Net
- Cover of the final issue (June 2020)
- Editor: Steven Jenkins
- Categories: Internet
- Frequency: Monthly
- Circulation: 12,703 Jan-Dec 2016
- First issue: December 1994 (as .net)
- Final issue Number: June 2020 332
- Company: Future plc
- Country: United Kingdom
- Language: English
- Website: www.creativebloq.com/net-magazine

= Net (magazine) =

British internet and web design magazine

net was a monthly print magazine that published content on web development and design. Founded in 1994, the magazine was published in the UK by Future plc. It was widely recognized as the premiere print publication for web designers.

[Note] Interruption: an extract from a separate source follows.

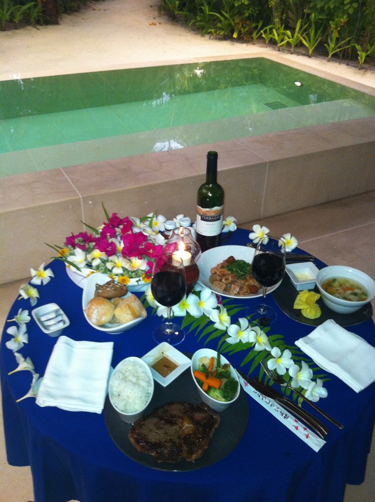 One night was a special occasion for us, and we opted to have in-villa dining. Well, was this a treat….the table on the villa deck overlooking the sea was set up beautifully with flowers and white tablecloths/napkins, wine glasses and a complimentary bottle of NZ red. The food was more than ample and delicious.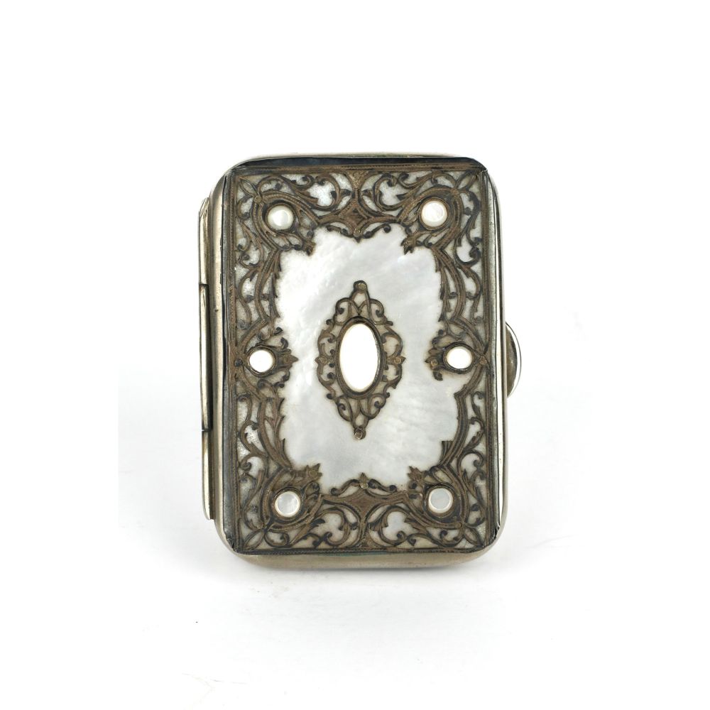 Portamonete in argento, stoffa, madreperla inizi XX secolo 7 x 5 x 2,5 cm

The magazine was initially aimed at the general Internet user, but was adapted into a title aimed at professional web designers and web developers under the editorship of Dan Oliver. Its sister publication, the design-focused Creative Bloq blog, was launched by Dan Oliver in 2012, and is estimated to receive over two million monthly readers according to analytics firm SimilarWeb.

The magazine, and its parent Future plc, were also known for their annual The Net Awards, which was an awards body recognizing outstanding achievements in the web development industry. The magazine ended publication in June 2020.

==History==
The magazine was founded in 1994, originally titled as ".net", with the first issue appearing in December. Its then editor was Richard Longhurst and assistant editor was Ivan Pope. It was initially aimed at the general Internet user in the early days of the internet and World Wide Web gaining wider momentum. Regular contributors included Bill Thompson and Davey Winder.

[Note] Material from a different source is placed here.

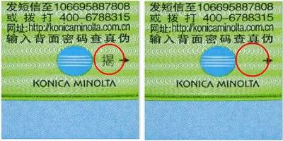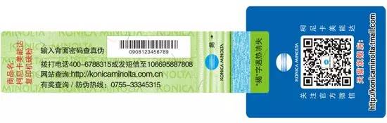 揭开柯尼卡美能达耗材瓶身防伪封口签,输入此防伪封口签(集成数码防伪标签)背面的20位防伪查询密码,发短信至106695887808※或拨打4006788315并按语音提示操作,就可以查询相关产品的真伪。

In 2001, Haymarket Media Group closed its competing internet magazine The Net and sold the subscriber list and the rights to the masthead of the magazine to Future in exchange of Future's football title Total Football, subsequently Future absorbed The Net into .net.

In August 2006 (Issue 152), the magazine was redesigned to include a new themed cover design and a new inner layout. Other changes were the addition of a new section at the back of the magazine called Trash replacing comics by drew and the Hi! Monkey Soon after the redesign a column entitled Web Drifter was introduced; written by Martin Sargent, it usually contained issues and language considered vulgar by the readership, and it was subsequently cancelled.

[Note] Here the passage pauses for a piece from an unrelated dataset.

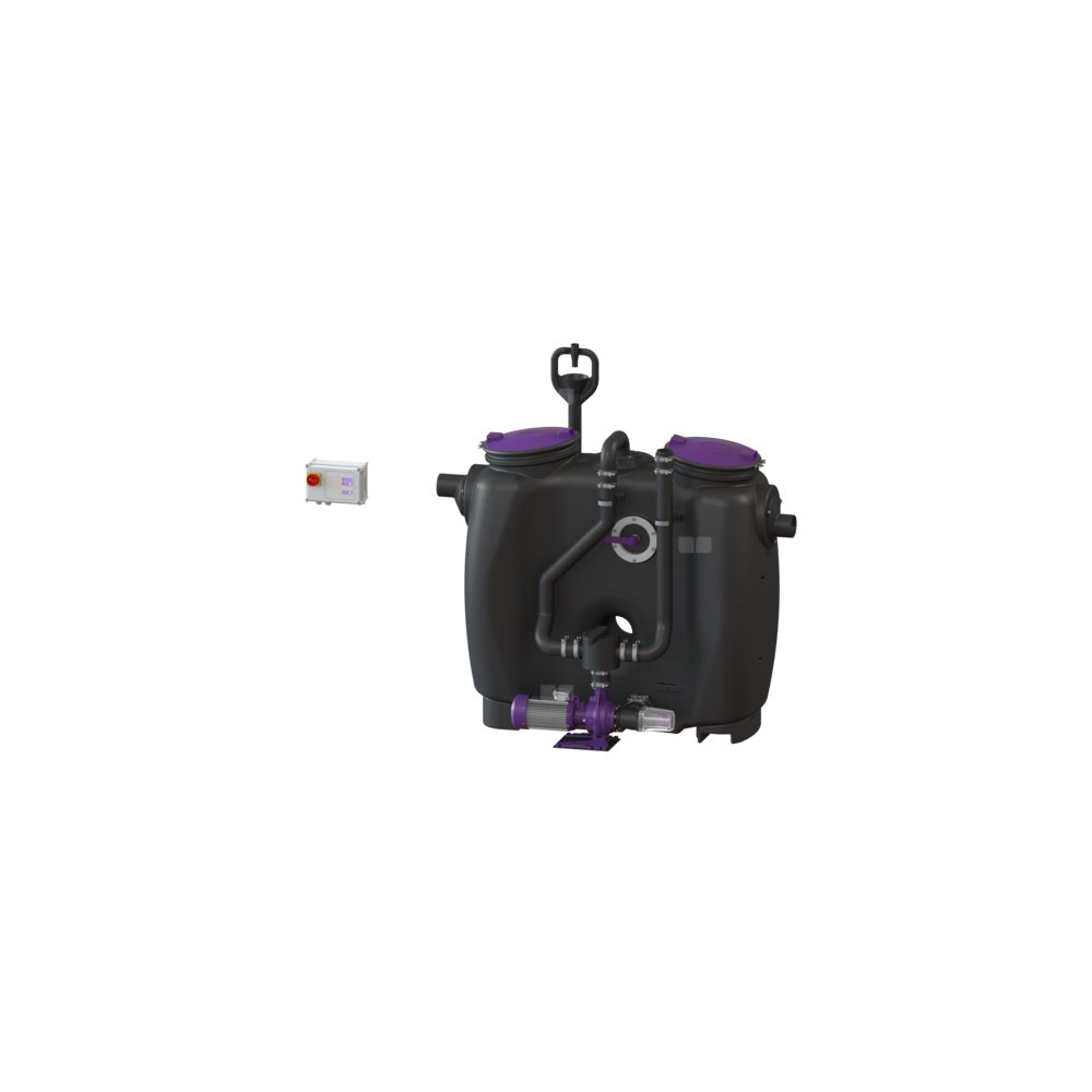 Separator do ścieków zawierających tłuszcze jest przystosowany do swobodnego ustawienia w pomieszczeniach nieprzemarzających, a jego zbiornik nie zawiera metalowych elementów. Zbiornik wykonany z trwałego tworzywa sztucznego (PE) jest wyposażony w zintegrowany osadnik i ma specjalnie wyprofilowane dno, które umożliwia szybkie i całkowite usuwanie zawartości. Dwie szczelne zapachowo pokrywy z zamknięciami szybkomocującymi umożliwiają łatwy dostęp w celu wyczyszczenia lub konserwacji. Innowacyjny system „Schredder-Mix“ ze zintegrowanym rozdrabniaczem dokonuje homogenizacji i przetłoczenia zawartości zbiornika. Czyszczenie i usuwanie zawartości zbiornika bez obecności przykrych zapachów następuje przy tym poprzez znajdującą się na zewnątrz pompę z zaworem 2-drożnym i dźwignią przełączającą, którą można oddzielić od zbiornika urządzenia przy pomocy zasuwy odcinającej. Po usunięciu zawartości w zbiorniku pozostają maks. 3 litry objętości resztkowej osadów. Ręczne sterowanie następuje przy pomocy przyjaznego w użyciu urządzenia sterowniczego, które przy pomocy kontaktu bezpotencjałowego można włączyć w system zarządzania budynkiem (BMS). Gwarancja na tworzywo PE wynosi 20 lat.

Also in August 2006, the Penny Forum section was removed but reinstated for issue 153 onwards due to large reader response to its removal. Another addition was Web Pro in the latter half of the magazine. This is sectioned into several topics (web security, careers, search engine news and web hosting) and written by industry professionals. There is also a web FAQ section.

In December 2013 (issue 248), it was re-badged as net to end confusion with Microsoft's .NET Framework, which launched in 2002. Along with the name change, the magazine was given the tagline "The voice of web design".

Future announced in April 2020 that it would cease publication due to commercial reasons caused by COVID-19 pandemic with issue 332 (June 2020) being the last.

==Net Awards==
The ".net" brand was known throughout the web development industry for its long-running annual The Net Awards, which awards outstanding achievements in the field. The awards recognized the new talent, trends, and technologies that had pushed the web forward over the previous twelve months, as well as recognizing outstanding contributions by established individuals and companies. The annual judging panel was made up of notable industry veterans and thought leaders.

Categories included Agency of the Year, Individual Outstanding Contribution, Developer of the Year, and Best Collaborative Project. Notable past winners include BBC News (redesign of the year), Dropbox (mobile app of the year), Old Spice (viral campaign of the year), Flickr (mobile site of the year), and Jeffrey Zeldman (web standards advocate).

The annual voting process began with a public nominations phase. In 2015 alone, over 1,000 nominee considerations were submitted. These were whittled down to ten nominees per category by the award's judging body. Next, a public voting phase occurred to allow for community impact to play a role in each project's consideration. Finally, the judges weighed in to determine the winners of each category. Awards were given out live at the year-end ceremony in London.

==Conference==
net launched its Generate Conference in 2014. The event consisted of a single-track, two-day series of speeches and workshops presented by prominent individuals in the web design industry.

The inaugural conference took place in London, with Shopify and Badoo acting as featured sponsors. The 2015 conference took place in New York City, with Media Temple acting as the featured sponsor.

Past speakers included Dan Cederholm (of Dribbble), Jake Archibald (of Google Chrome), Remy Sharp (of Polyfill), Ethan Marcotte (of responsive web design), and Elliot Jay Stocks (of Adobe Typekit).